Selon Sam Bowman, directeur de la recherche à l’Institut Adam Smith, un think tank du marché libre basé à Londres, le discours populiste de Ron Paul sur l’effondrement du marché du logement aux États-Unis, associé à un fort plaidoyer des économistes de l’université George Mason à Washington, ont donné une nouvelle crédibilité à l’École autrichienne.
« George Mason a plus ou moins créé un département économique, très intéressant et très respecté, qui aborde cette question désormais reprise par beaucoup d’universitaires », disait-il dans une interview à GlobalPost.

« L’autre facette de ce phénomène est évidemment Ron Paul et son mouvement politique, qui ont monté en puissance puisque la bulle de l’immobilier est plus facile à comprendre que les autres bulles : les gens comprennent le concept du crédit bon marché et de l’investissement trop important. 
« Ce discours a poussé beaucoup de monde à se demander quelle était la cause de ces problèmes. L’argument de Ron Paul n’est pas parfait, mais il s’est affiné pour transmettre la théorie du cycle économique de l’École autrichienne de manière à ce que les gens trouvent ça intéressant. »

Qui se cache derrière la Fed ?

[image:2,s]Bien sûr, critiquer la Fed n’est pas un sport nouveau. Le président Woodrow Wilson lui-même, disait, après avoir signé le décret de création de la Fed à la suite du vent de panique financière du début du XXe siècle, « avoir involontairement ruiné son pays » en ayant mis à la tête de la banque « un petit groupe d’hommes dominants ».

Des remarques comme celles-ci, ainsi que l’affirmation, qui revient souvent, selon laquelle la Fed devait aussi aider au financement de la Première guerre mondiale, ont contribué à alimenter les allégations sauvages selon lesquelles la Fed, et son équivalent dans d’autres pays, sont sous la coupe d’autres marionnettistes plus puissants.

Certains prétendent que la Banque des règlements internationaux, basée en Suisse, un corps indépendant chargé d’assurer la stabilité financière de ses 58 États membres, dirige les banques centrales pour détruire délibérément les économies en vue de remplir les poches d’une élite mondiale.

D’un côté plus extrême, les théoriciens du complot dessinent aussi un réseau élaboré d’intrigues impliquant une litanie de suspects traditionnels : la banque de la riche famille Rothschild, le culte satanique des Illuminati, les comploteurs sionistes, sans parler d’extraterrestres dont la forme originelle s’apparente à celle de lézards.

 

Retour aux réalités de ce bas monde. Bowman insiste sur l’idée que le règne bancaire centralisé vit ses derniers jours, aux États-Unis comme dans le reste du monde.

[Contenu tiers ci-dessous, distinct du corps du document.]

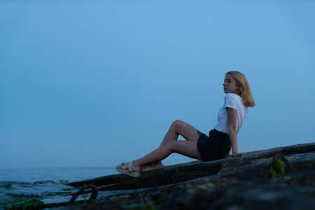 A 20 year old girl in ordinary clothes sits and dreams on a concrete pier on the seashore after sunset
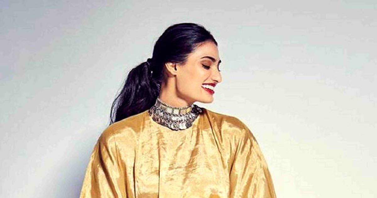 IMAGE: Gold is good, especially when it is like Athiya Shetty's kurta set by Anavila. She styled the look with a contrasting choker and mojaris. Photograph: Courtesy Anavila/Instagram

Il affirme que le retour au marché libre et aux principes de l’or étalon sur lesquels l’économie s’est autrefois fondée redevient une option sensible au moment où les recettes classiques continuent à lutter contre les crises. « Quand tout cela arrivera-t-il, je n’en ai aucune idée, mais les banques centrales sont relativement récentes, ce qui signifie qu’elles ne seront sans doute pas éternelles. »

 

* Politique monétaire non conventionnelle que certaines banques centrales utilisent pour augmenter la masse monétaire en augmentant les excédents de réserve du système bancaire.